“Open” health data and GDPR
- De-identification is ineffective and expensive1
- There is no such thing as foolproof de-identification2
- Unimportant items of information can be combined to create important information;3; 4
- Ubiquitous data collection means we have no– to little–control over our data
- All digital databases can and very likely will be breached5
- Remedy for harm from breach is not always calculable or enforceable6
- Consent is imperfect7 but is necessary even if it is implicit
- Sharing and privacy are two sides of the same coin8
Clinicians and Researchers Want
Non-de-identified data. Data from which the identify of the patient has been removed is not as useful as data that identifies the patient. Doctors are not interested in personal identity, but they want to know personal characteristics such as race, age, gender, where the patient was born, where the patient lives, even the income level, etc. These characteristics impact health in important and specific ways but they also identify the patient personally.
Specific, targeted data, not-generic and not-voluminous data. For example, MBs of fitbit data are not useful, but focused blood pressure readings or heart beat data may be useful. One term used is “prescribed data,” that is, the doctor prescribes to the patient to collect and submit specific data.
GDPR has specific definitions for personal data,9 genetic data,10 biometric11 and health data.12 The Article 6 of GDPR13 allows lawful processing of personal data if one or more of the following conditions are met:
- the data subject has given consent;
- it is necessary for the performance of a contract to which the data subject is party;
- it is necessary for compliance with a legal obligation;
- it is necessary to protect the vital interest of the data subject or another natural - person;
- it is necessary for the performance of a task carried out in the public interest;
- it is necessary for the purposes of the legitimate interests pursued by the controller or third party.
However GDPR prohibits processing of biometric, genetic, and health data unless one of the three conditions below would apply:
- The data subject must have given “explicit consent.”
- “Processing is necessary for the purposes of preventive or occupational medicine, for the assessment of the working capacity of the employee, medical diagnosis, the provision of health or social care or treatment or the management of health or social care systems and services”
- “Processing is necessary for reasons of public interest in the area of public health, such as protecting against serious cross-border threats to health or ensuring high standards of quality and safety of health care and of medicinal products or medical devices”

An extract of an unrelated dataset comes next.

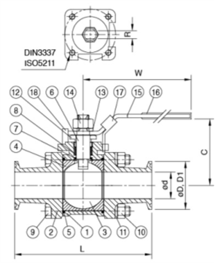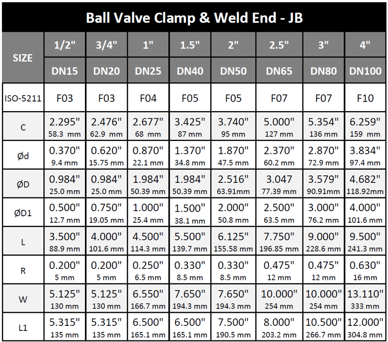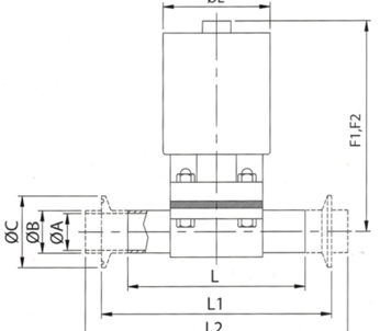 Válvula de Bola, extremos soldable y clamp, con accionamiento Neumática/Manual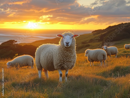 © Sarocha, Fototapeta premium Serene Hillside with Grazing Sheep at Sunset

Data from publicly funded research to be findable, accessible, interoperable, and reusable. But, does that include clinical research? Clinical research, as opposed to basic research, is based on personally identifiable information, and as such, is required by law to be protected.14
Personal health data from non-medical, commercially available devices such as pedometers, blood pressure monitors, and sleep trackers are usually shared with the device providers via contractual agreements “signed” by the people when they sign up for these services. These data are not from publicly funded research, but can be valuable for medical purposes. My assumption is that FAIR4Health excludes such data. Since EHRs are not a product of publicly funded research, my assumption is that FAIR4Health excludes such data.
However, publicly funded research data may also contain personally identifiable information. If so, that information has to be removed through a process of specified de-identification. However, it may still have to be restricted to a certain community rather than be made available to everyone. Is the data still FAIR if it is restricted to a specified community?